Task statement: Transcribe only the lines between the first line of the records and the line containing "A picturesque waterside", inclusive, exactly as written.

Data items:
※

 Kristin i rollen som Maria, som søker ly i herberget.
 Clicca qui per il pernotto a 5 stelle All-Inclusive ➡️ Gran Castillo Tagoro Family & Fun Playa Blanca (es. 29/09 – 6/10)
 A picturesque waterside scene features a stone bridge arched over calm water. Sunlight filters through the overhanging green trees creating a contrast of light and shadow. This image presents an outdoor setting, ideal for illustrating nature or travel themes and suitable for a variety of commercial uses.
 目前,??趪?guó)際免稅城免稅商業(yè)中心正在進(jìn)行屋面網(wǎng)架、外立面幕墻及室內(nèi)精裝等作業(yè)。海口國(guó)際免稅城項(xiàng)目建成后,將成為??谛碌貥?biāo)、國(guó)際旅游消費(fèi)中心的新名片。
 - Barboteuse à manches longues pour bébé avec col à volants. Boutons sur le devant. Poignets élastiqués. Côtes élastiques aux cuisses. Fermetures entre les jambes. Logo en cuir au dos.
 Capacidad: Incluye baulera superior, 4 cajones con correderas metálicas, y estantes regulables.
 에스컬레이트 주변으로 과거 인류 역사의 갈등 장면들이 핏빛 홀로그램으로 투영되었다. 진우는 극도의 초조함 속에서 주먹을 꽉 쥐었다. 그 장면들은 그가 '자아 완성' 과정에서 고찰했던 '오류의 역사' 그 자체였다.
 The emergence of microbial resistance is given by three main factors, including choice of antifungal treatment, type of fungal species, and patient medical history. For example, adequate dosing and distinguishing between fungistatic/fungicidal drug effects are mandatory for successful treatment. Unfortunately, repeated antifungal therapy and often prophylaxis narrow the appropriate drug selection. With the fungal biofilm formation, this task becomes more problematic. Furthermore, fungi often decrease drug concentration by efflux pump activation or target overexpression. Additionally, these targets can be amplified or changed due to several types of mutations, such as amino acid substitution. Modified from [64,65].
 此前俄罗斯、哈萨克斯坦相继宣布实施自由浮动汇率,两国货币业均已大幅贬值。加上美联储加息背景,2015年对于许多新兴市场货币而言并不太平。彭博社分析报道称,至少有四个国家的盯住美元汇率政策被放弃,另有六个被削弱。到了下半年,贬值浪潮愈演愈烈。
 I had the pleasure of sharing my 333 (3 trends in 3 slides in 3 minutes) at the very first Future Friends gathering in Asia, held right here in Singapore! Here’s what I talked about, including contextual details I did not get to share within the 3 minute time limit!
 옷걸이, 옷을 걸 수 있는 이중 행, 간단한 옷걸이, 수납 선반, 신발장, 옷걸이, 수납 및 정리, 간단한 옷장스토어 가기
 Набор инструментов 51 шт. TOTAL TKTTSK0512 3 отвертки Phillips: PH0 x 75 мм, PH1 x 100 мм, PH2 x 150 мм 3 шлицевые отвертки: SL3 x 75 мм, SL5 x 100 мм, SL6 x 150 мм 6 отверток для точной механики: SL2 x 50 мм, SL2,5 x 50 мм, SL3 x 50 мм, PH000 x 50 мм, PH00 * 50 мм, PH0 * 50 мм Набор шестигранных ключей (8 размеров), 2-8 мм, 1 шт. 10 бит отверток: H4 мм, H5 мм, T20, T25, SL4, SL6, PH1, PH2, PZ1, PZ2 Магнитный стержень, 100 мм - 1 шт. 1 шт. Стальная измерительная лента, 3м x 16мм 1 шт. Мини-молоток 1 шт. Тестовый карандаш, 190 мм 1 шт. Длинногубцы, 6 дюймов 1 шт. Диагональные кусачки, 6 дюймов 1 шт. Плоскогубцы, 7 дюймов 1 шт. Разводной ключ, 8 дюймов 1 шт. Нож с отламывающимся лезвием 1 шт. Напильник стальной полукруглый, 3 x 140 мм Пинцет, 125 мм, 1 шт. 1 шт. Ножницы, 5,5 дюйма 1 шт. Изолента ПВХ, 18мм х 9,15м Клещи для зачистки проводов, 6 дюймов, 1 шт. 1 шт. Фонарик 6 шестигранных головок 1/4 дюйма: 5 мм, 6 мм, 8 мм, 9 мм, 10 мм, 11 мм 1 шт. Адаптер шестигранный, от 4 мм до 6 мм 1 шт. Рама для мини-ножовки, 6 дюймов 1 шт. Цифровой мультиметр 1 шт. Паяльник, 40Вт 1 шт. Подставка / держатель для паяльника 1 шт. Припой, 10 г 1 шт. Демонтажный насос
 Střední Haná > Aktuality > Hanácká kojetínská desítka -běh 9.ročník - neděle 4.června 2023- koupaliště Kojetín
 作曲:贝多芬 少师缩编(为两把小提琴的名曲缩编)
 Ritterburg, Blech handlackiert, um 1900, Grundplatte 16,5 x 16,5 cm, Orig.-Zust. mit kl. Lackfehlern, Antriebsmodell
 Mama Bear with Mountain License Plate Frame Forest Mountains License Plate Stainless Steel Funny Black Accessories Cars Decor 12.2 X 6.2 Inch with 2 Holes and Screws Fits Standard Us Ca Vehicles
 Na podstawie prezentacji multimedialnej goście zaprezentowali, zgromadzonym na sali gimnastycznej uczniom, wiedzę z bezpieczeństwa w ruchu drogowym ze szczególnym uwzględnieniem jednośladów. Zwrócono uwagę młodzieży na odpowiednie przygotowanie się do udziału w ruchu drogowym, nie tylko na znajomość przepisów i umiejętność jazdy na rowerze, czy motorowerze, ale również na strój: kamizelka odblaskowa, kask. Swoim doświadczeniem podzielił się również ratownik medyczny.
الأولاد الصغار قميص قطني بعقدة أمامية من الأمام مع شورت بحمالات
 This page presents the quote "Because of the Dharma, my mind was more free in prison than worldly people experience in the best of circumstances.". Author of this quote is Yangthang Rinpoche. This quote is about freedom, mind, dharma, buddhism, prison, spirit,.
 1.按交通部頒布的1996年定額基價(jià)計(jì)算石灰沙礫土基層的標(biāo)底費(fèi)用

※

Problem solution:
 Kristin i rollen som Maria, som søker ly i herberget.
 Clicca qui per il pernotto a 5 stelle All-Inclusive ➡️ Gran Castillo Tagoro Family & Fun Playa Blanca (es. 29/09 – 6/10)
 A picturesque waterside scene features a stone bridge arched over calm water. Sunlight filters through the overhanging green trees creating a contrast of light and shadow. This image presents an outdoor setting, ideal for illustrating nature or travel themes and suitable for a variety of commercial uses.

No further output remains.